Agência EFE
WASHINGTON - O Governo sérvio falhou na hora de proteger a embaixada dos Estados Unidos e outras embaixadas ocidentais do ataque de grupos nacionalistas, indicou nesta sexta-feira a secretária de Estado americana, Condoleezza Rice.
- Eles tinham a obrigação de proteger o corpo diplomáticas e por isso sabemos que a presença policial foi inadequada ou indiferente. Deixamos muito claro ao Governo sérvio que não esperamos que algo assim volte a ocorrer - disse Rice em declarações aos jornalistas.
O Governo sérvio organizou ontem uma protesto em Belgrado contra a independência de Kosovo, à margem da qual vários grupos de jovens descontrolados atearam fogo à embaixada dos EUA e atacaram outras representações diplomáticas de países que reconheceram a independência do Kosovo.
Rice ressaltou que é hora de os sérvios aceitarem que o Kosovo já não é seu e sugeriu que chegou o momento de deixar para trás séculos de queixas e sentimentalismos nos Bálcãs.
- Achamos que a resolução sobre o status dos Bálcãs permitirá finalmente que essa região deixe para trás sua terrível história. Estamos falando de algo que ocorreu há séculos, é hora de avançar - manifestou Rice.

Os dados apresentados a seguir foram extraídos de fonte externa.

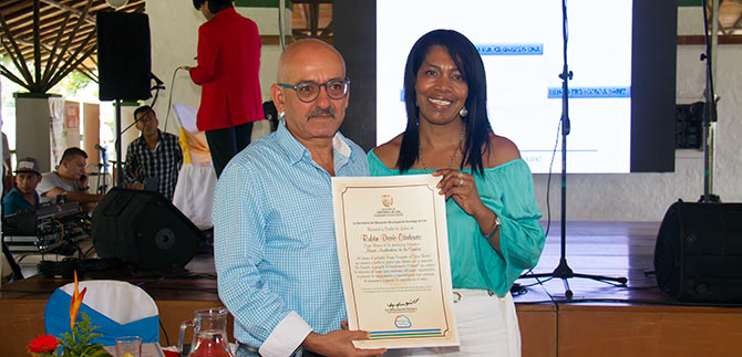 La secretaria de Educación, Luz Elena Azcárate Sinisterra, exaltó a un rector de cada una de las zonas educativas, un coordinador por cada institución, tres docentes de cada institución, un profesional del programa todos a Aprender, además de reconocer al licenciado Rubén Darío Cárdenas de la institución educativa María Auxiliadora del municipio La Cumbre y al rector César Augusto Ocoró Lucumi, por el premio Nutresa, recibido en Bogotá.
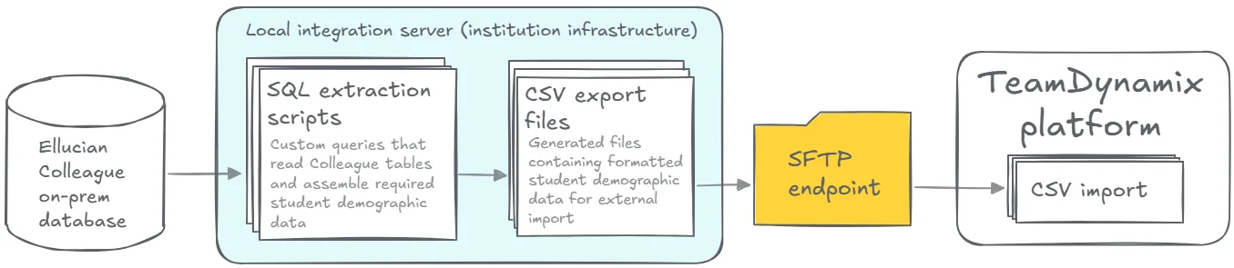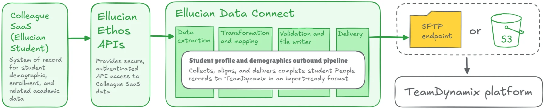 Ellucian Data Connect then takes over as the execution engine. Using Ethos as its source, a scheduled outbound pipeline retrieves student demographic data, applies the same filters and mappings defined in the legacy integration, and validates the results before file creation. The pipeline generates full demographic exports, not deltas, matching the import model supported by TeamDynamix.

Por sua parte, o subsecretário americano para Assuntos Políticos, Nicholas Burns, declarou hoje que "não há desculpa" para os ataques "não civilizados" perpetrados em Belgrado contra as embaixadas dos Estados Unidos e de outros países europeus, que provocaram um morto e dezenas de feridos.
Burns afirmou que os EUA estão orgulhosos de seu apoio ao novo estado independente do Kosovo e expressou sua convicção que mais países farão o mesmo no futuro.
- Acho que a justiça foi feita. Kosovo merece ser independente. A Sérvia perdeu todos os direitos sobre o Kosovo após seus assaltos brutais e injustificados contra a comunidade albanesa em 1998-1999 - afirmou o alto representa americano.
Burns qualificou de "muito irresponsável" e "cínica" uma declaração do embaixador russo na Otan, Dmitry Rogozin, que segundo a agência "Interfax", disse hoje que se a União Européia e a Otan mantiverem seu mandato no Kosovo, "fará necessário o uso da força".
Burns foi um dos promotores das negociações internacionais sobre a definição do status do Kosovo que duraram dois anos sem conseguir um acordo entre Belgrado e Pristina.
Como resultado, Kosovo declarou sua independência da Sérvia, de forma unilateral, em 17 de fevereiro.
A maioria dos países da União Européia, além dos Estados Unidos, reconheceram o Kosovo como novo Estado independente.
Além da Sérvia e da Rússia, também não reconheceram ainda a Espanha, a Romênia, o Chipre, a Grécia e a Eslováquia reconhecem a soberania do Kosovo.